Your argument about "reasonable definition" I don't buy. 95% of
authors only give pseudo-names, which are often real name of other
people whom they are not. The identification of most of the authors
requires their user page as well, or to refer to "the user who used
the pseudonym of John Smith on Wikipedia" in which case the references
are back to Wikipedia and we might as well send everything there. It
is a reasonable definition these days to tell people where they can
find the information they require online. Countless instruction
manuals and safety notices do this now. We say there are authors who
deserve credit and where to find them. I think thats better than
pretending a list of names and IPs means much to anyone.

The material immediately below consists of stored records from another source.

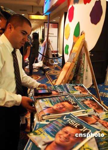 世界最大的消費(fèi)電子產(chǎn)品展一月七日在美國拉斯維加斯開幕前,以雅虎總裁楊致遠(yuǎn)做封面的《視覺》雜志在新聞中心十分醒目。中新社發(fā) 賈國榮 攝
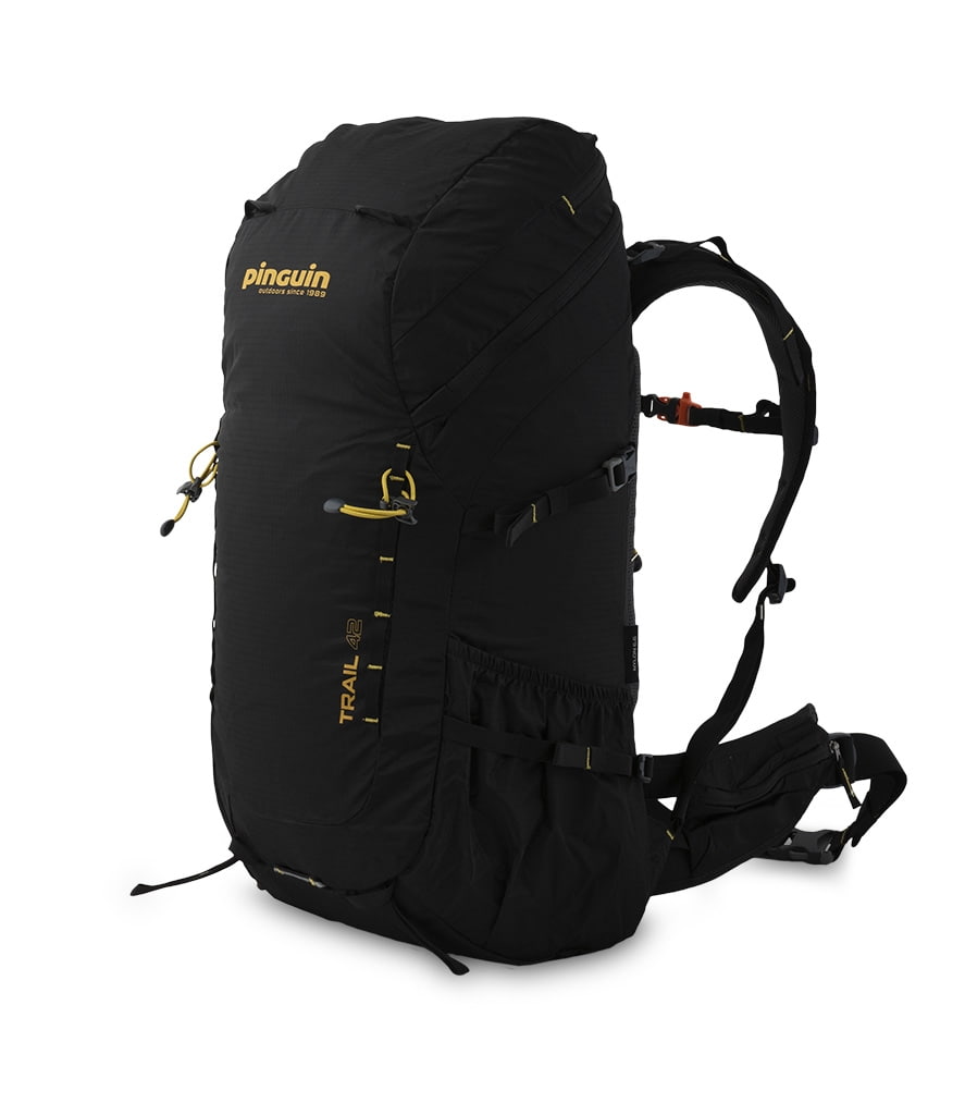 Batoh na turistiku Pinguin Trail 42 - jednokomorový batoh se zádovým systémem E3D, který udržuje těžiště batohu co nejblíže zad a zajišťuje jejich maximální odvětrání. Záda batohu jsou vyztužena vyjímatelnou HPDE deskou s integrovanou duralovou výztuží. Vstup je atypicky přes zip ve vrchní části. Hodí se na turistiku a cestování. Pinguin Trail 42 má stavitelné ramenní popruhy se zesíleným polstrováním v ramenní části. Dvě boční síťované kapsy na láhve. Dva boční kompresní popruhy. Batoh má odnímatelný vrchlík. Čelní zipová kapsa, strečové boční kapsy, poutka pro uchycení trekových holí, odnímatelná výztuha zad, reflexní poutko na blikačku v dolní části batohu.
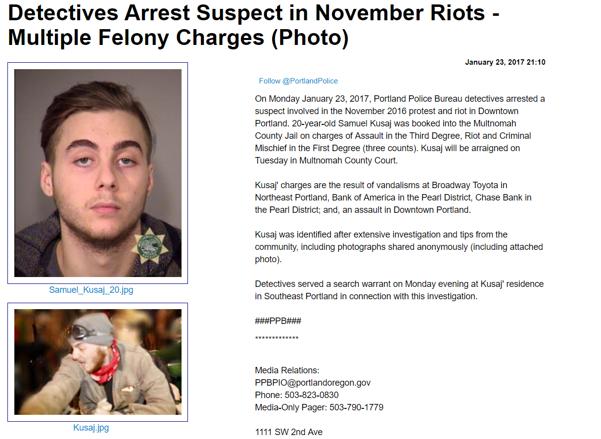 https://twitter.com/MrAndyNgo/status/1198793278428049408 Samuel John Wick Kusaj III, 20, wore a mask as he smashed windows & cars in Nov. 2016 in Portland. He also punched people & threatened them with rocks. He was sentenced to only 30 days in jail. In court, he said he was driven by a fear of Trump being elected. #AntifaMugshots
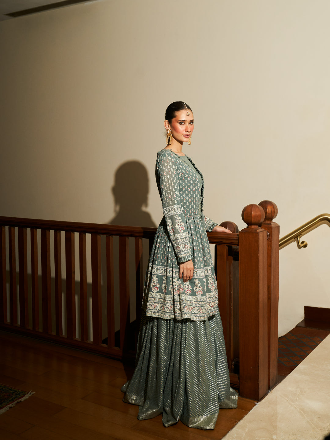 An elegant three-piece shrug with skirt set crafted from pure georgette fabric and adorned with a stunning foil print design. The regal sea salt hue exudes sophistication, making it an ideal choice for any special occasion.
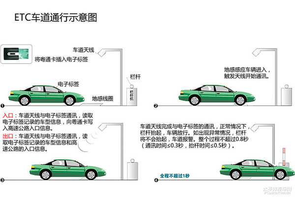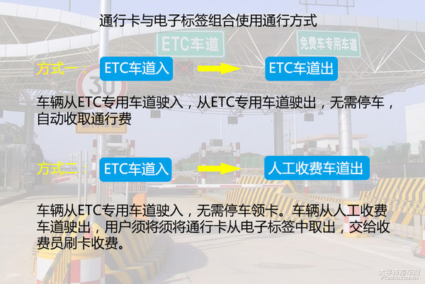 在设有ETC车道的收费站,用户可将通行卡插入电子标签,以不停车方式通行ETC车道。在未设ETC车道的收费站,用户须将通行卡从电子标签中取出,以停车刷卡方式通过。

For transparency ref comments on "censoring" we could give the URL to
the exact version number of the article we used, as an article
history.
Beyond this I don't think further effort increases the compliance. But
I repeat my comment I am serious about wanting feelgood for
contributers. Perhaps there is a way of doing this sensibly.
Andrew
On Fri, Oct 24, 2008 at 12:56 PM, Thomas Dalton <thomas.dalton(a)gmail.com> wrote:
2008/10/24 Andrew Cates
<Andrew(a)soschildren.org>rg>:
This is the third time these questions have
turned around just on this
project. We ARE erring on the side of caution which is why we have all
the image pages (unlike others...).
I wouldn't mind doing more but I would question the value of useless
gestures. For example if you say who wrote what is irrelevant I can
get a list of the 60,000 editors including IP addresses who have
edited any of these articles and add it as plain text at the foot of
the license page (similar to the German DVD model) but does that
really help?
It would be far better (and no harder) to include a separate list for
each article. That way you avoid worrying about the "Is Wikipedia a
single GFDL work or a collection of GFDL works?" debate.
The legalities of the GFDL are so confusing and ambiguous that they
are best ignored for the most part. Just try and follow the spirit of
the license, which includes that attribution is required. Telling
somebody how to find the list of authors in a place they can't access
is not attribution by any reasonable definition.